— Task goal —
In the listing below, find the line holding "Создание профиля пользователя;" and the line holding "United States Department". Write out those two lines and all lines between, exactly, and nothing more.
-- Data for this task follows --
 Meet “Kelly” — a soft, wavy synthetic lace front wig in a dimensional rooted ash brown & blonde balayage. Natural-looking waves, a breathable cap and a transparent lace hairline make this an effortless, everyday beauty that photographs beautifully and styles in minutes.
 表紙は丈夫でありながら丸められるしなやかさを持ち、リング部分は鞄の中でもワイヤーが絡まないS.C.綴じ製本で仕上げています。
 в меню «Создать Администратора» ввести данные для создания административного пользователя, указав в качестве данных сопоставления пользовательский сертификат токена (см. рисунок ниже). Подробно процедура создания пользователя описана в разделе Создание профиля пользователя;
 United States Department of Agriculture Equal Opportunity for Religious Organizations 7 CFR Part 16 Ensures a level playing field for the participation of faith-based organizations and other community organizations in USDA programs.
-- Data for this task concluded --
-- Data for this task follows --
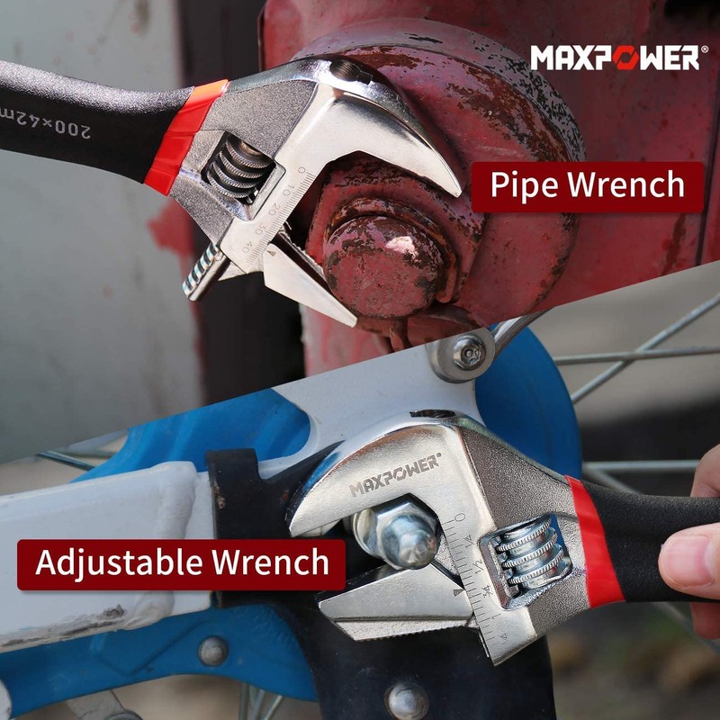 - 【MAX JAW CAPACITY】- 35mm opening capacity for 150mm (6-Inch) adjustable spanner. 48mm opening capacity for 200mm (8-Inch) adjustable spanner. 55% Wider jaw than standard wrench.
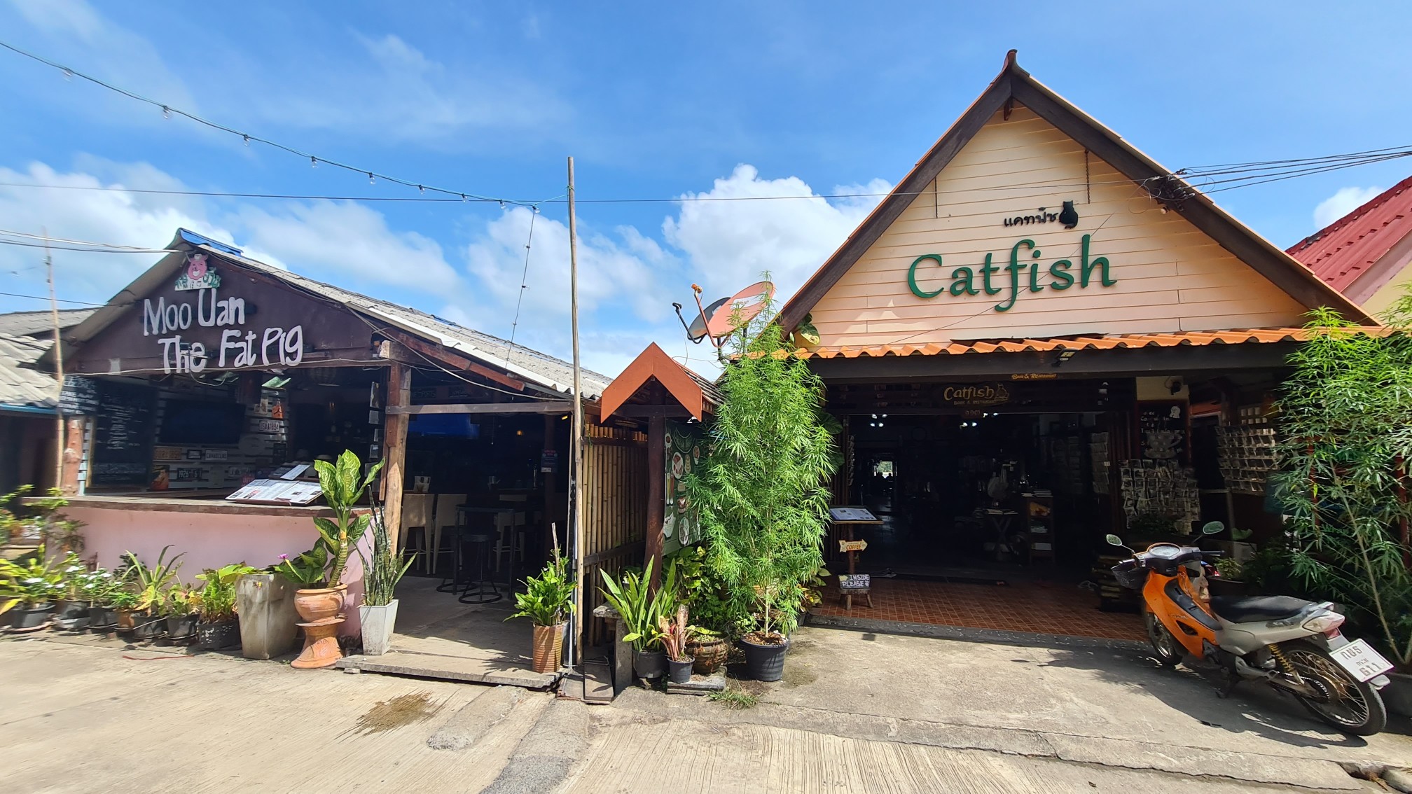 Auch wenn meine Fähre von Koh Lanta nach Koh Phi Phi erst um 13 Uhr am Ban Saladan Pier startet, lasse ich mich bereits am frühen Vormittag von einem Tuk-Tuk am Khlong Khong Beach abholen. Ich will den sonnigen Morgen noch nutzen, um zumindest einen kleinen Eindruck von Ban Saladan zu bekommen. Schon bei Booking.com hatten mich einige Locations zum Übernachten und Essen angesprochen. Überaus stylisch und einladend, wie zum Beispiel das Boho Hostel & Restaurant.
-- Data for this task concluded --
— Result —
 в меню «Создать Администратора» ввести данные для создания административного пользователя, указав в качестве данных сопоставления пользовательский сертификат токена (см. рисунок ниже). Подробно процедура создания пользователя описана в разделе Создание профиля пользователя;
 United States Department of Agriculture Equal Opportunity for Religious Organizations 7 CFR Part 16 Ensures a level playing field for the participation of faith-based organizations and other community organizations in USDA programs.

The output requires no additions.